> _Assignment_
Return all the data exactly, keeping the pictures out.

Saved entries
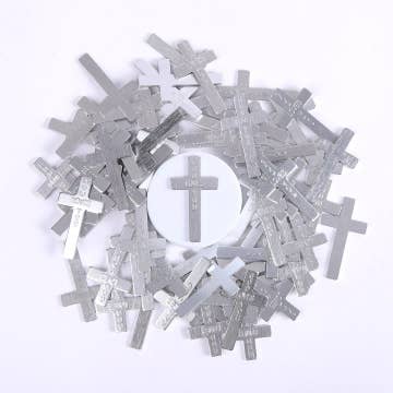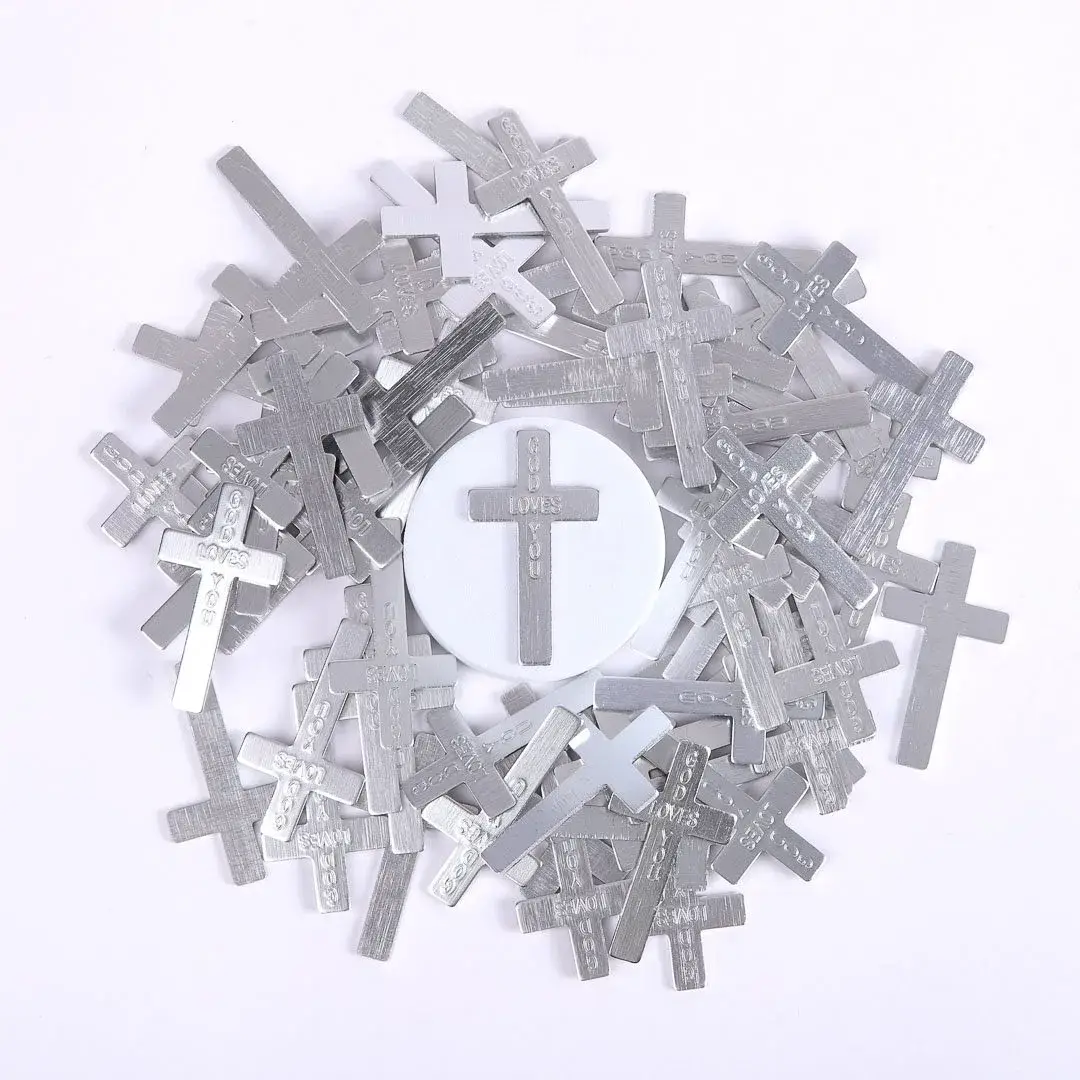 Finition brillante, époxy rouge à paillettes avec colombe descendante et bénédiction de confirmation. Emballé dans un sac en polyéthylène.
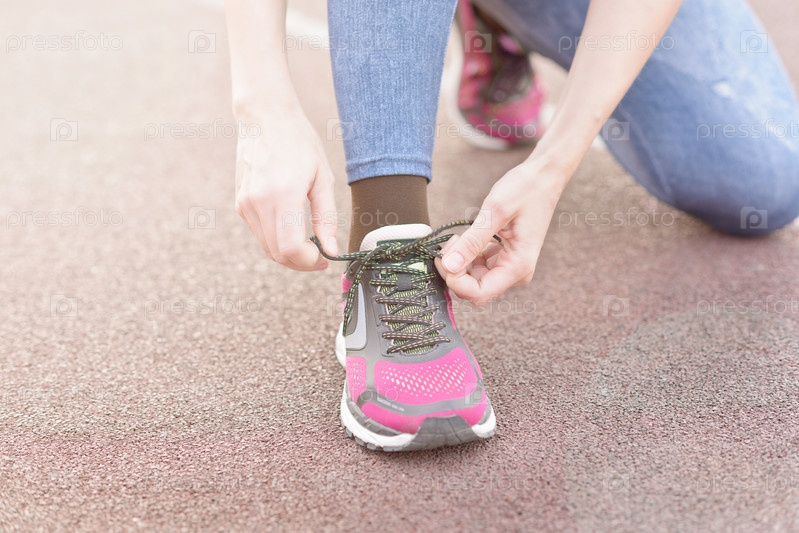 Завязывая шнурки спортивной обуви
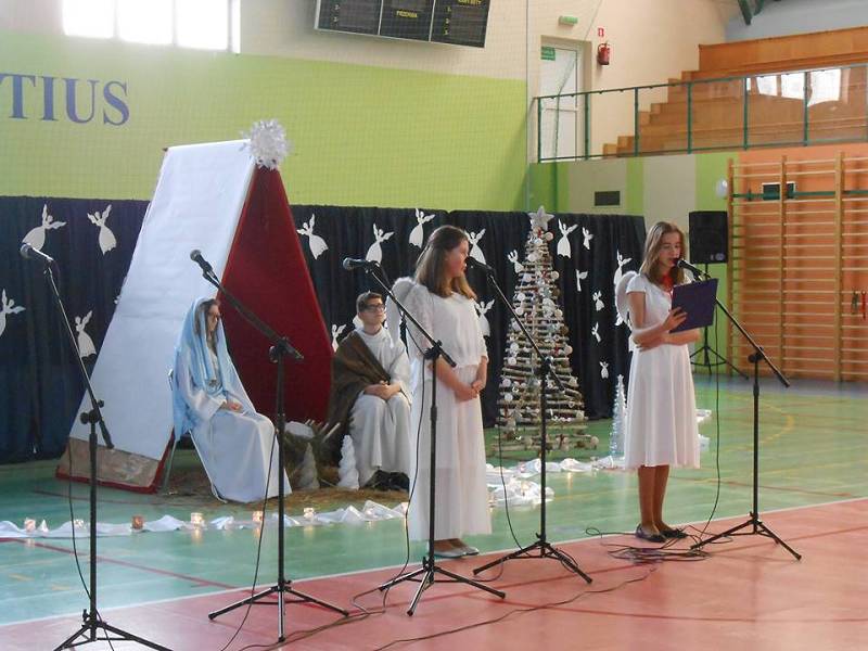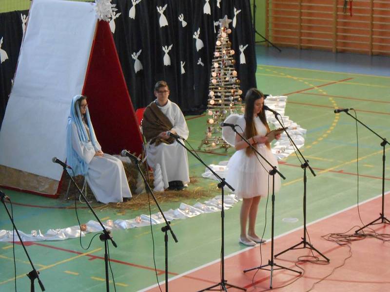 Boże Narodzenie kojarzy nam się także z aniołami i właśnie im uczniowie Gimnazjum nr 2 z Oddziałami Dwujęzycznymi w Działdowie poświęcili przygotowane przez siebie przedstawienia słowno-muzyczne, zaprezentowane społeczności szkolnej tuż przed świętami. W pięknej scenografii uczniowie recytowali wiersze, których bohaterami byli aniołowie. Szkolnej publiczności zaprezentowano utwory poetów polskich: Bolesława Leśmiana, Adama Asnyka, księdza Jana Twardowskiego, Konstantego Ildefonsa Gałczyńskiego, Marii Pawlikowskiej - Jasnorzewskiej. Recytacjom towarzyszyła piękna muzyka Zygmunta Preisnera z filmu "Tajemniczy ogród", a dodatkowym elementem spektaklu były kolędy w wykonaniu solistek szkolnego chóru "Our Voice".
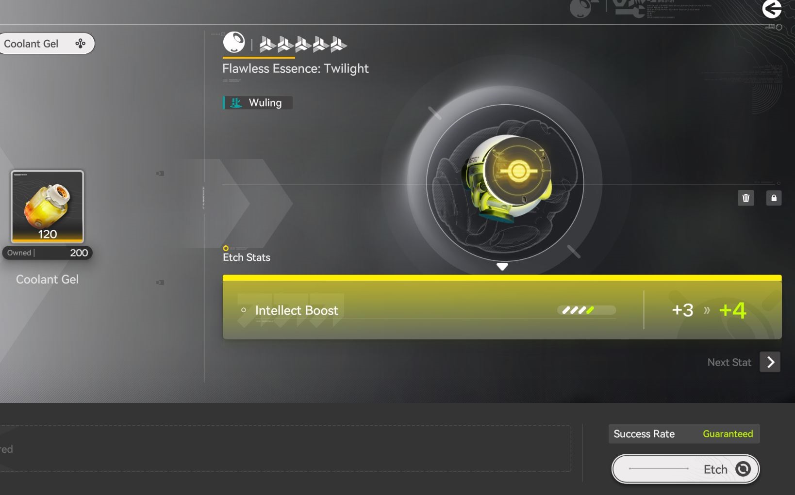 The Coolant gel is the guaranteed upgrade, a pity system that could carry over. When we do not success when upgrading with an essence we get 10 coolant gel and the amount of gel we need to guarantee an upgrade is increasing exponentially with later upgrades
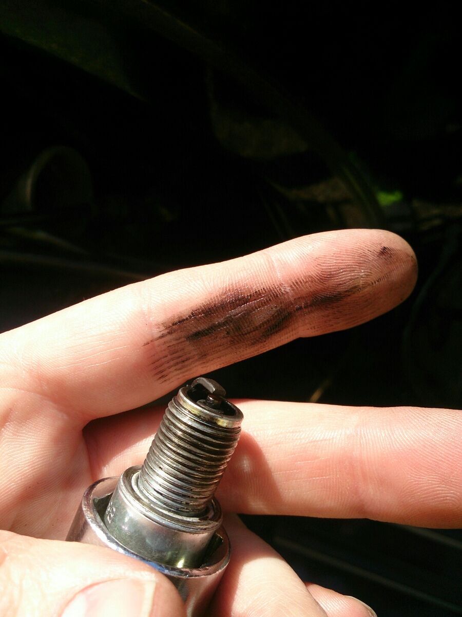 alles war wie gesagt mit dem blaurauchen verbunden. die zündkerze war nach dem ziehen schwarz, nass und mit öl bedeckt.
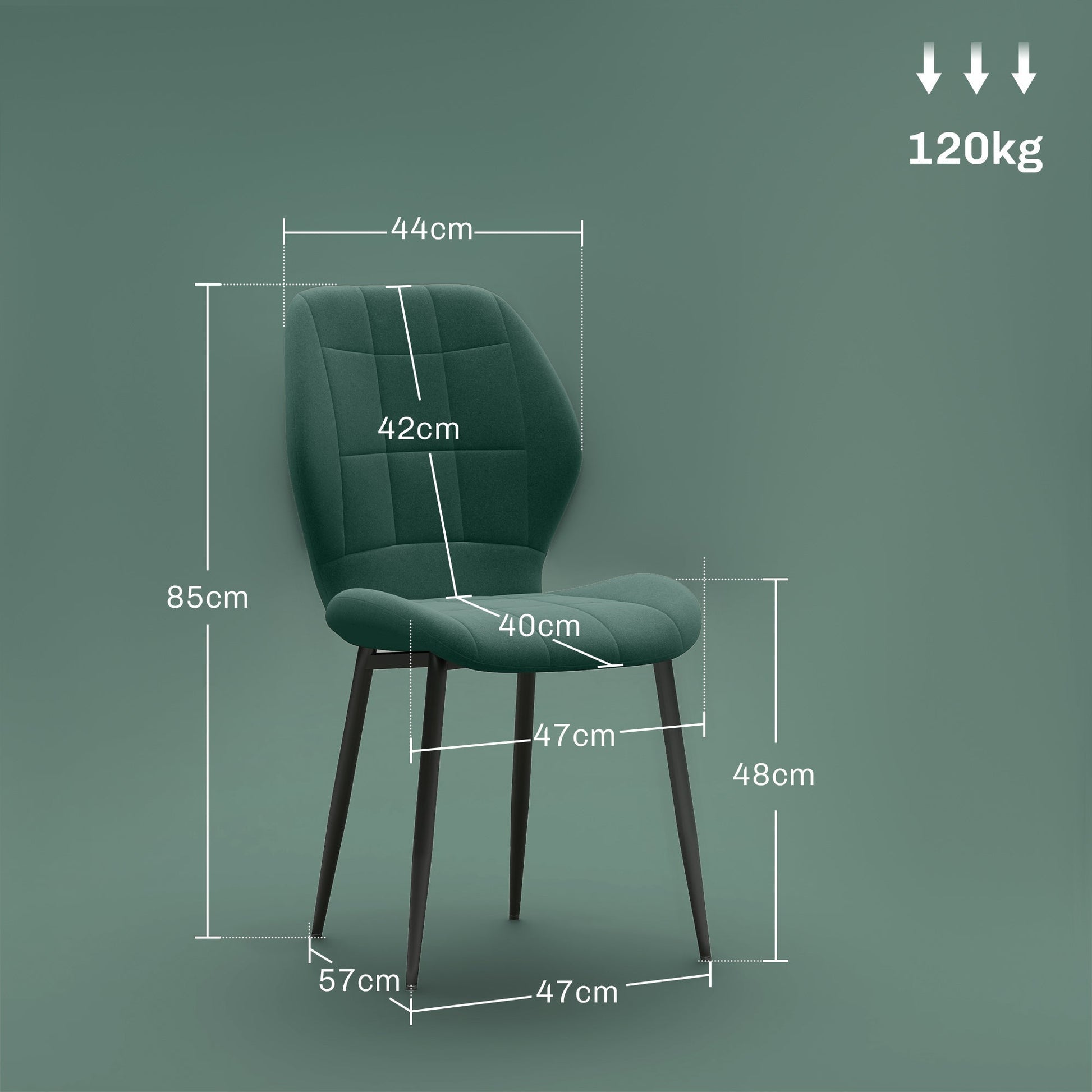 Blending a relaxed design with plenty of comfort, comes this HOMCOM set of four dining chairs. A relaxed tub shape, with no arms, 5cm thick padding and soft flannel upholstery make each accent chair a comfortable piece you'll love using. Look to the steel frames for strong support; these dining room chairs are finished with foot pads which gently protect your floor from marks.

> _Response box_
 Finition brillante, époxy rouge à paillettes avec colombe descendante et bénédiction de confirmation. Emballé dans un sac en polyéthylène.
 Завязывая шнурки спортивной обуви
 Boże Narodzenie kojarzy nam się także z aniołami i właśnie im uczniowie Gimnazjum nr 2 z Oddziałami Dwujęzycznymi w Działdowie poświęcili przygotowane przez siebie przedstawienia słowno-muzyczne, zaprezentowane społeczności szkolnej tuż przed świętami. W pięknej scenografii uczniowie recytowali wiersze, których bohaterami byli aniołowie. Szkolnej publiczności zaprezentowano utwory poetów polskich: Bolesława Leśmiana, Adama Asnyka, księdza Jana Twardowskiego, Konstantego Ildefonsa Gałczyńskiego, Marii Pawlikowskiej - Jasnorzewskiej. Recytacjom towarzyszyła piękna muzyka Zygmunta Preisnera z filmu "Tajemniczy ogród", a dodatkowym elementem spektaklu były kolędy w wykonaniu solistek szkolnego chóru "Our Voice".
 The Coolant gel is the guaranteed upgrade, a pity system that could carry over. When we do not success when upgrading with an essence we get 10 coolant gel and the amount of gel we need to guarantee an upgrade is increasing exponentially with later upgrades
 alles war wie gesagt mit dem blaurauchen verbunden. die zündkerze war nach dem ziehen schwarz, nass und mit öl bedeckt.
 Blending a relaxed design with plenty of comfort, comes this HOMCOM set of four dining chairs. A relaxed tub shape, with no arms, 5cm thick padding and soft flannel upholstery make each accent chair a comfortable piece you'll love using. Look to the steel frames for strong support; these dining room chairs are finished with foot pads which gently protect your floor from marks.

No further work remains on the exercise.